Both of South Carolina’s senators voted against the compromise debt-limit agreement negotiated between congressional Republicans and Democrats. The measure passed the Senate 74-26 on Tuesday.
Senator Lindsey Graham said on MSNBC Tuesday he could not in good conscience support the deal. “The only thing Congress is capable of is putting out a fire,” he said. “We had a debt ceiling limit fire, we put it out. That’s good news. (House Speaker John) Boehner did well with his conference; (Senate Minority Leader Mitch) McConnell did well with his. (Senate Majority Leader)Harry (Reid) did well. But we haven’t moved the needle much. We’re going to add $7 trillion in debt. The government still grows and we put the Defense Department at unnecessary risk. So that’s why I voted no.”
He also did not like that the increase would cover the nation’s debt until January 2013. “The average length of time we’ve extended the debt ceiling since 1940 was nine months,” Graham said, “I would like to have seen it done the way it has been done in the past. What I would have done as a Republican is say, ‘Mr. President, we’ll give you the average time, nine months. We’ll pay for it dollar for dollar, and we’ll continue this debate.’” Graham added, “President Obama’s sleeping pretty good last night and tonight because he now has a clear path to January 2013 where we won’t have to deal with this anymore.
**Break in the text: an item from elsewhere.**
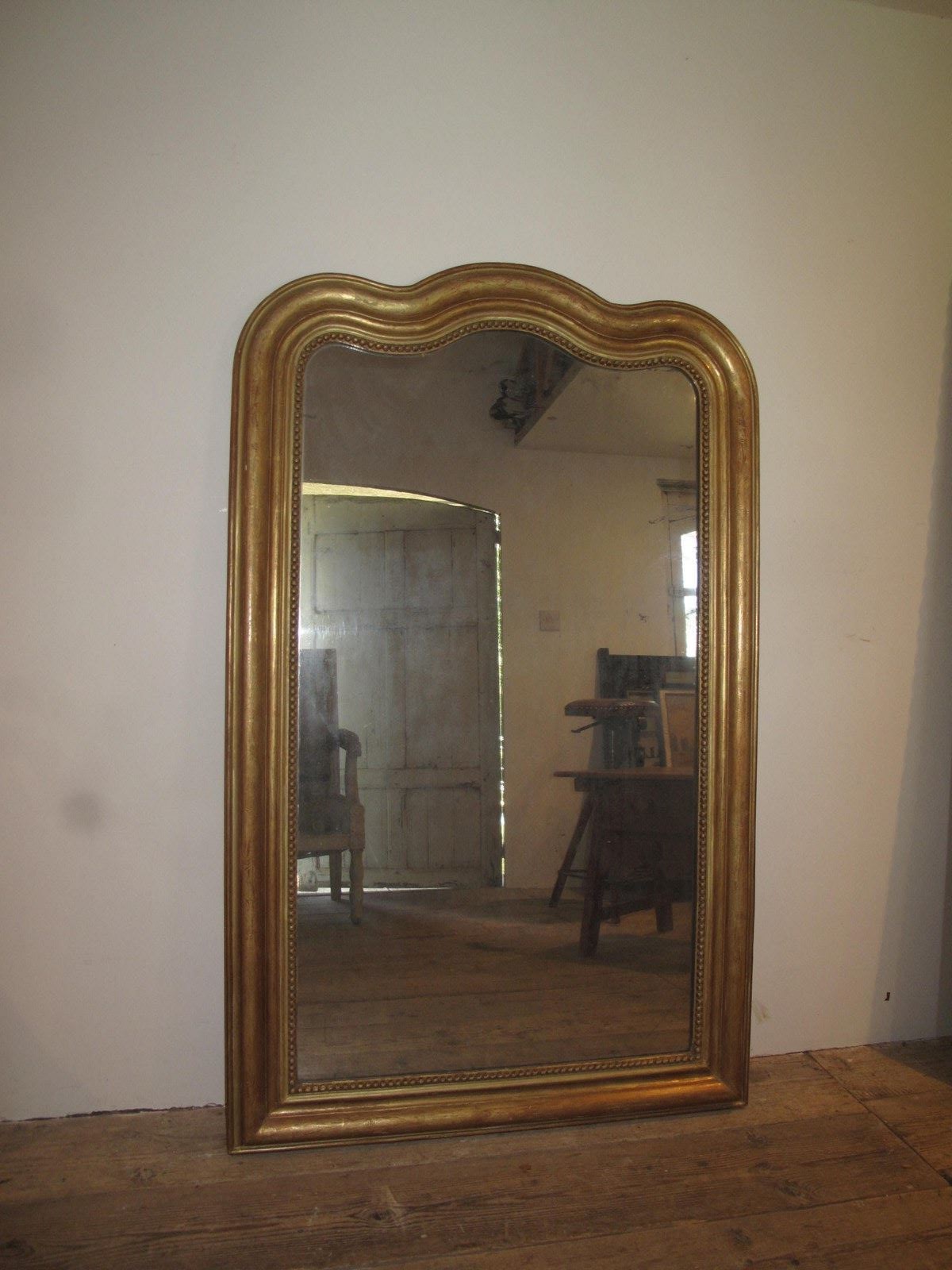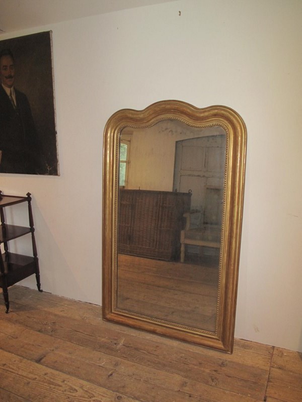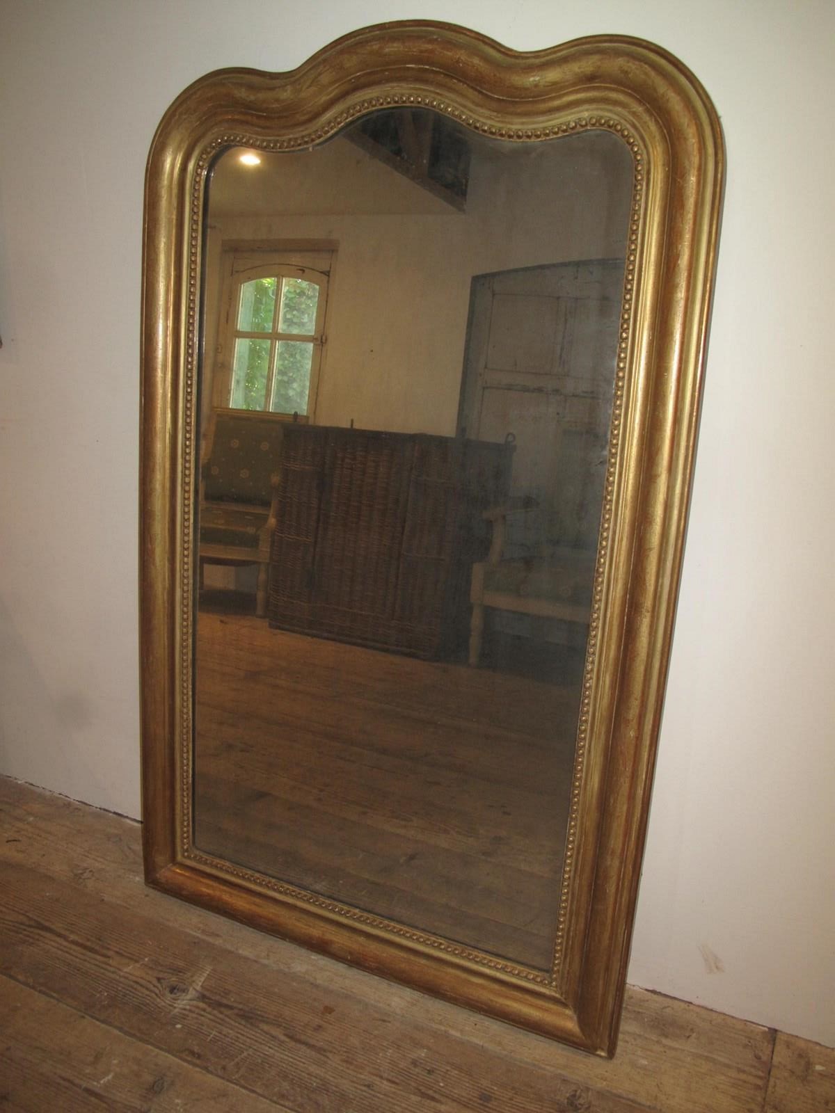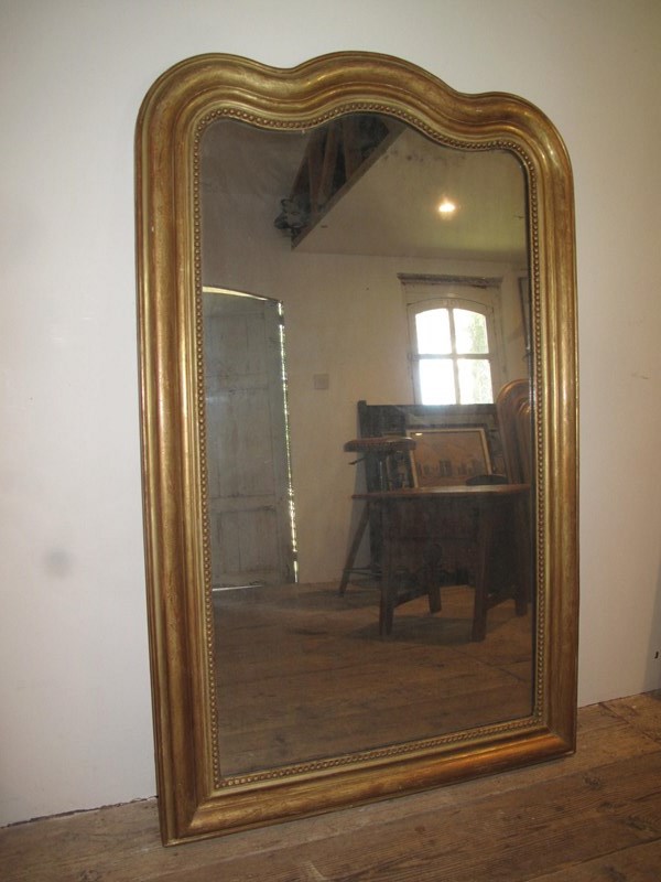 Large antique gilt mirror in good condition. The mirror has its original glass, gilding, and backboards. Mid 19th century.
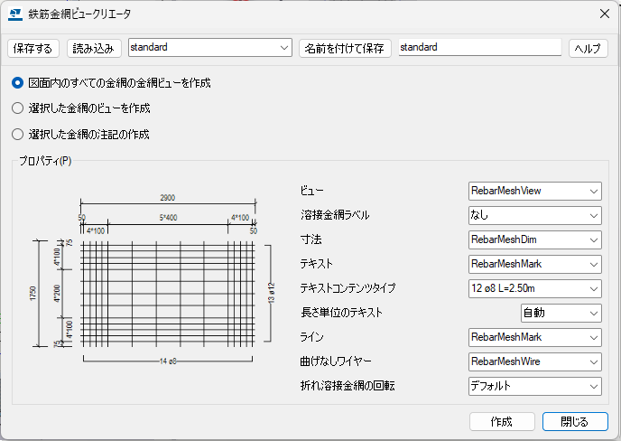 新しい溶接金網ビューで使用するビュー、寸法、テキスト、線、曲げなしワイヤーのプロパティ ファイルを選択します。

So in that regard, he was a winner.”
When it comes to the nation’s current debt situation, Graham says one party cannot blame the other. “How do you get in $14.3 trillion worth of debt?” he asks. “Both parties have to work together to screw the government up that bad. You can’t be this far in debt doing it all by yourself. So if one party’s willing to break that cycle, that’s a good thing.”
Graham feels the Tea Party has had some positive effect, but disagrees with them on cuts that would hit the nation’s defense. “The Tea Party has brought a lot of energy to this whole debate about paying for things and looking at the government as being out of control,” he said, “I’m with the Tea Party on spending, but there’s elements of the Tea Party that feel it’s okay to cut a trillion dollars out of the Defense budget over the next decade. I will not be with them there.”
Graham supported Cut, Cap and Balance and says he will continue to work for passage of a Balanced Budget Amendment to the Constitution.